Counties Consider Health Access Plan
California counties are considering strategies to expand access to health services for the uninsured, but a plan approved last week by San Francisco supervisors likely will not work everywhere, according to Alameda County Health Services Agency Director Dave Kears, the Contra Costa Times reports (Kleffman, Contra Costa Times, 7/29).
The San Francisco Health Access Program aims to provide access to health services for the city's estimated 82,000 uninsured residents. The program is expected to cost about $200 million and will be funded by a combination of state, business and individual contributions (California Healthline, 7/26).
According to the Times, San Francisco "has unique qualities that make it the perfect place to launch such an experiment," such as an established primary care system, a "sizable amount of health care dollars it can redirect" and fewer uninsured residents than many areas. San Francisco also operates as a city and a county.
William Walker, Contra Costa County Health Services director, noted that in other counties all cities would have to impose business contribution mandates, which would be difficult.
Kears said businesses could move to other communities if mandates are enacted. In addition, not all counties operate their own health care systems.
However, Mitch Katz, director of the San Francisco Public Health Department, said other counties could implement parts of the city's plan, such as redirecting funds and requiring businesses and the uninsured to contribute to programs (Contra Costa Times, 7/29).

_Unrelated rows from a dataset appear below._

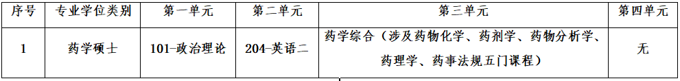 1. 药学硕士专业学位硕士研究生入学考试初试科目设置一览表
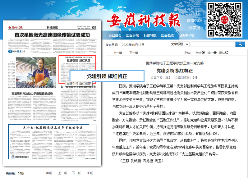 【安徽科技报】必赢626net入口电子工程学院教工第一党支部 党建引领 旗红帆正
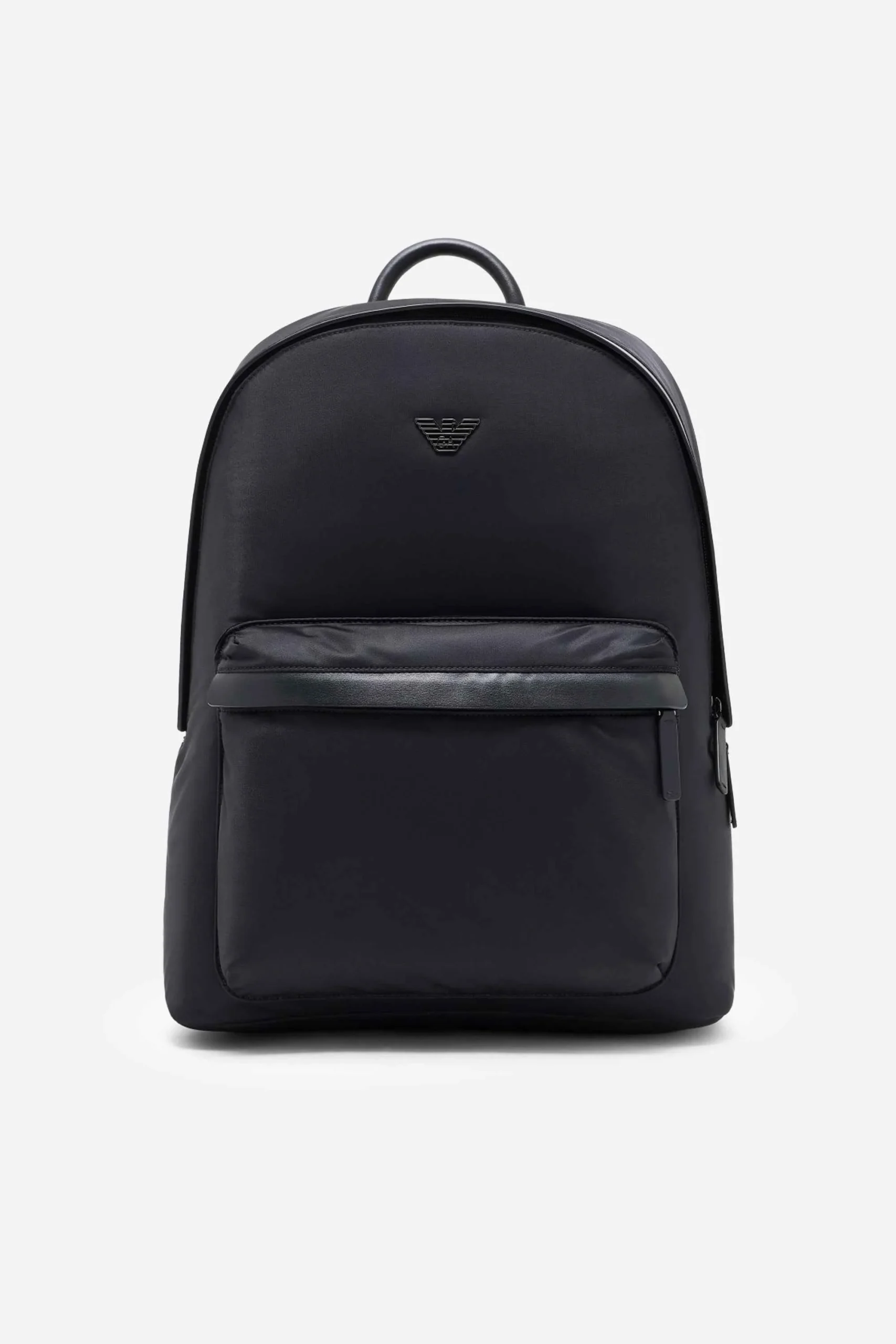 Lo zaino è realizzato in nylon riciclato con dettagli in pelle rigenerata e logo aquila sagomato in metallo sul davanti.
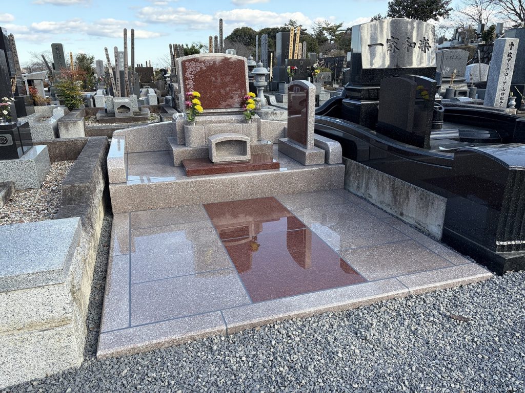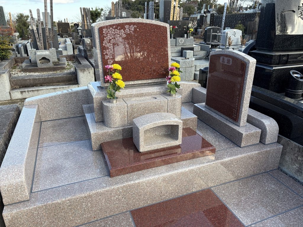 落ち着きのある気品と重厚感を兼ね備えた「ニューインペリアルレッド」を基調に、やわらかく優しい色合いの桃色御影石「G663」を組み合わせた、上品で温かみのあるデザインに仕上げました。深みのある赤と淡いピンクのコントラストが美しく、周囲の景観にも調和しながら、ひときわ存在感を放つお墓です。
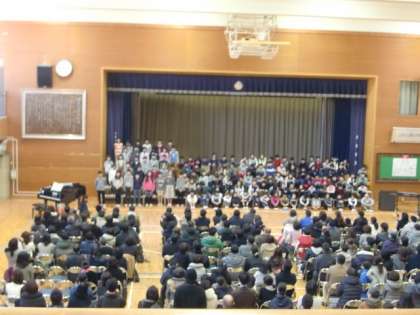 体育館では4年生の二分の一成人式がありました。10才の成長を保護者の方々にも見ていただきました。
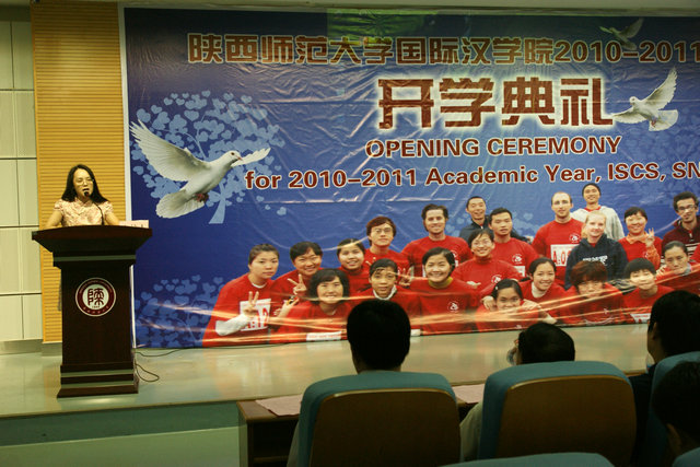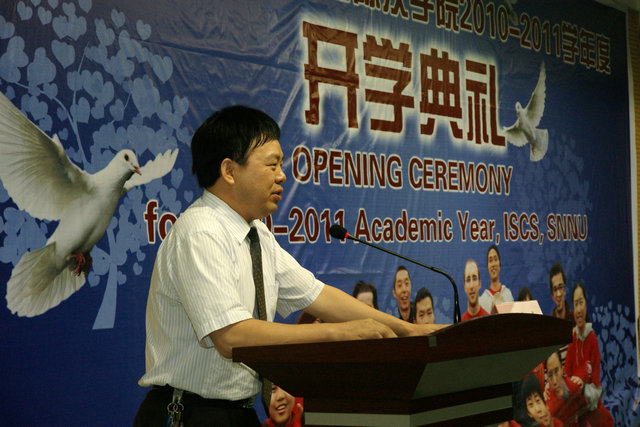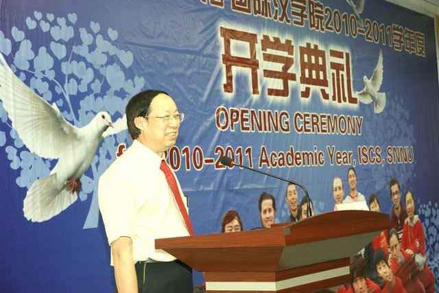 2010——2011学年度开学典礼在学思堂隆重举行。开学典礼由学院副院长宋传东主持。心理学院院长游旭群,司机社
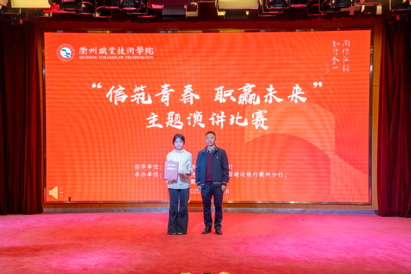 为加强学生诚信教育,树立正确信用观念,我校联合中国建设银行衢州分行、中国人寿衢州分公司,在中国人民银行衢州市分行指导下成功举办了“信筑青春 职赢未来”主题演讲比赛。
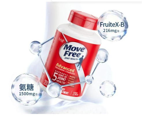 其中Move Free红瓶是经典基础款氨糖,其配方中除了含有1500mg的氨糖之外,还含有硫酸软骨素、透明质酸、FruiteX-B™果糖硼酸钙等成分。氨糖和硫酸软骨素组合被称为是关节软骨的养护搭档,可助力修护关节软骨,加强关节缓冲力;关节舒缓专利成分FruiteX-B则能起到舒缓关节不适的作用;透明质酸则是一种关节“润滑助手”,可补充关节滑液。以上成分组合作用,直达引发关节不适问题的源头,可实现标本兼顾的关节养护效果。
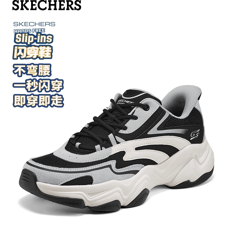 Skechers斯凯奇男鞋春夏季一脚蹬老爹鞋网面透气休闲运动鞋118335
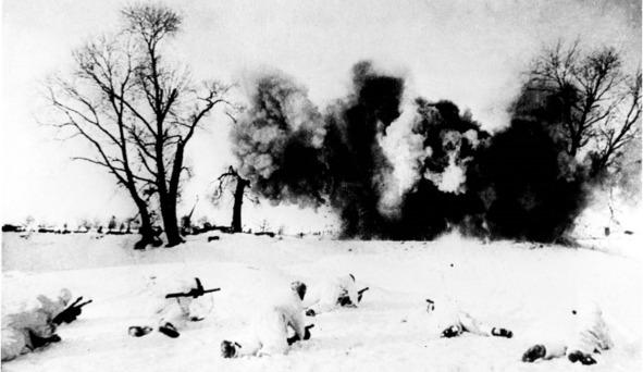 Гляжу на Худякова, потом опять вперед. Сверкает еще несколько разрывов возле колокольни. Бойцы у снежной грядки вдруг шевелятся, вскакивает фигурка в белом и что-то выкрикивает.

"Health care reform in California is at a turning point" because "[b]usiness has taken a seat at the bargaining table" as the "potential costs of remaining on the sidelines are mounting," Len Nichols, director of the health policy program at the New America Foundation, and Peter Harbage, senior program associate of the health policy program and president of Harbage Consulting, write in a Los Angeles Times opinion piece. Nichols and Harbage cite the San Francisco Health Access Program as one of several health care reform efforts that involve the private sector.
Nichols and Harbage write that while some labor leaders "remain skeptical of business' intentions, ... employer participation promises new opportunities for consensus to trump gridlock" and that "a new set of principles would gain more attention" (Nichols/Harbage, Los Angeles Times, 7/30).